After a brief respite from heavy rain, Environment Canada has issued a rainfall warning for Metro Vancouver as a strong Pacific storm hits the B.C. coast.
Earlier this week, the New Year's Eve forecast included a warning for up to 60 millimetres of rain to fall through Tuesday evening. Now, the warning states that rain, at times heavy, is expected from later this afternoon through Friday night.
The strong Pacific storm is expected to make its way in this afternoon, with precipitation spreading onto the south coast by noon. What's more, the forecast notes that rain may be briefly mixed with wet snow in the afternoon.
The storm is expected to intensify later tonight and persist through Friday, bringing 60 to 90 millimetres of rain over the Howe Sound and Metro Vancouver — central and North Shore. The warning notes that the heavy downpours can cause flash floods and water pooling on roads. Localized flooding in low-lying areas is also possible.
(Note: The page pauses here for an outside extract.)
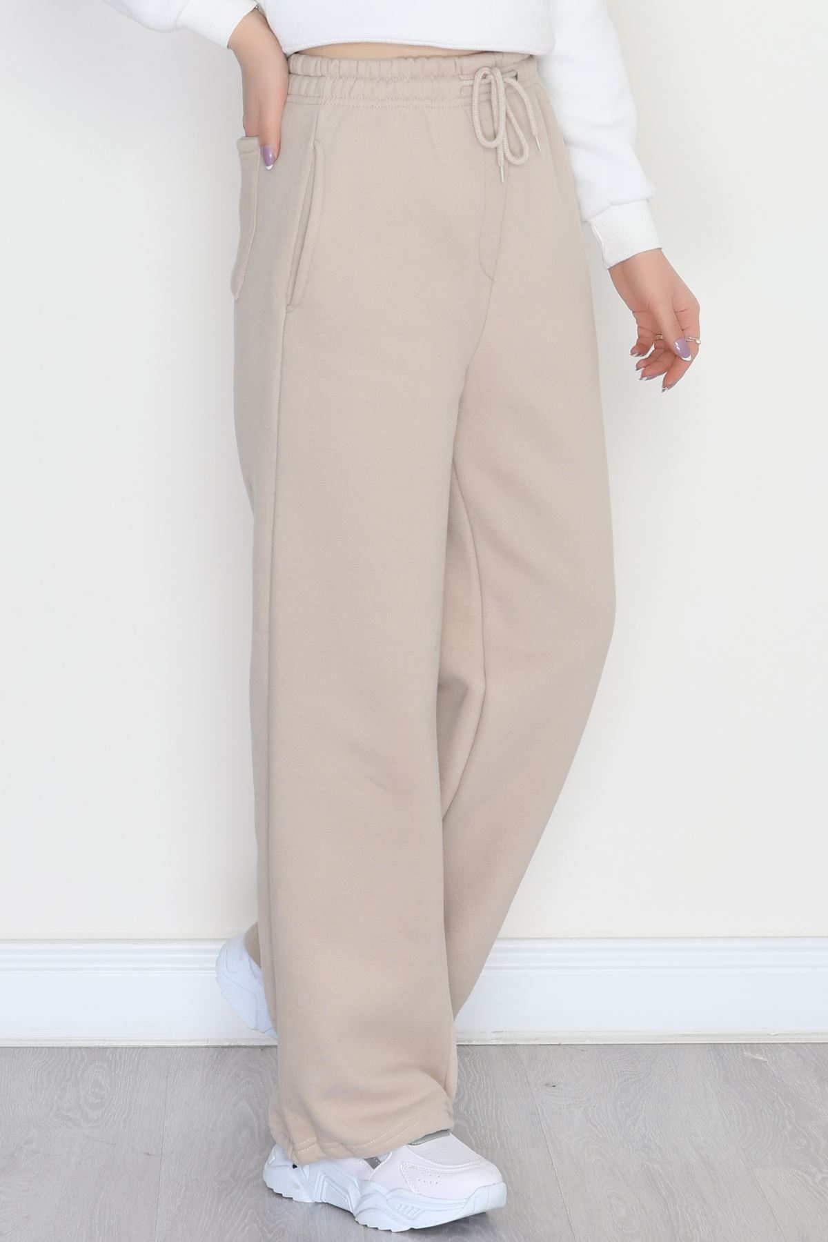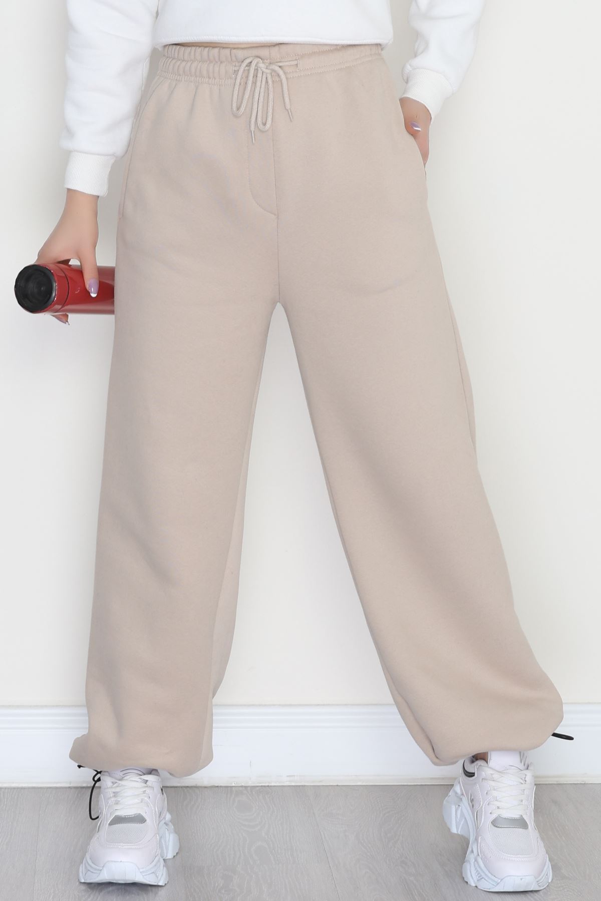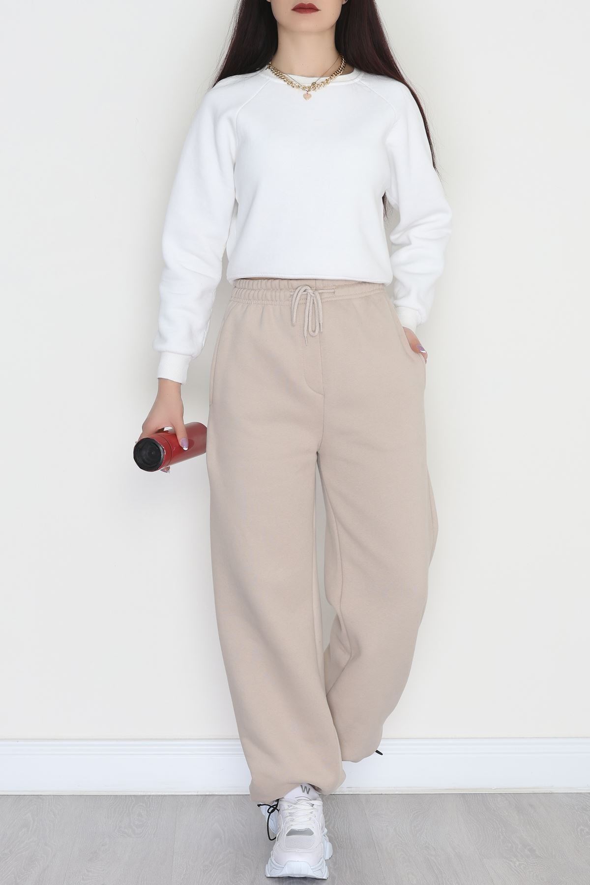 3 İplik Şardonlu Paça Stoperli Eşofman Altı Bej - 52069.2113.

The rainfall warning is in effect for:
- Metro Vancouver - central including Vancouver, Burnaby and New Westminster
- Metro Vancouver - North Shore including West Vancouver and North Vancouver
While the rainfall is expected to diminish in intensity by Friday night, rain is expected to continue through the rest of the week. Saturday's forecast calls for a 70 per cent chance of showers during the day and periods of rain overnight, while Sunday calls for rain during the day. However, the evening is expected to be cloudy and dry.
The forecast also calls for periods of rain on Monday, Tuesday and Wednesday next week.
Metro Vancouver Weather Forecast
B.C. Winter Forecast
Back in September, The Weather Network predicted that British Columbia would have a milder winter, but that December was a “wild card.”
Since then, the winter forecast has been updated to include the most recent prediction, which calls for milder temperatures along the B.C. coast and across much of Northern B.C. While northeastern B.C. to the southern interior will see near normal temperatures.
While the north coast region is, “expected to see above average rainfall and alpine snow,” the south coast region is expected to be drier than normal. With this in mind, the forecast adds that this dry pattern may break at times during the season. During these breaks, the Lower Mainland could have the “potential to see several weeks’ worth of precipitation in just five to 10 days.”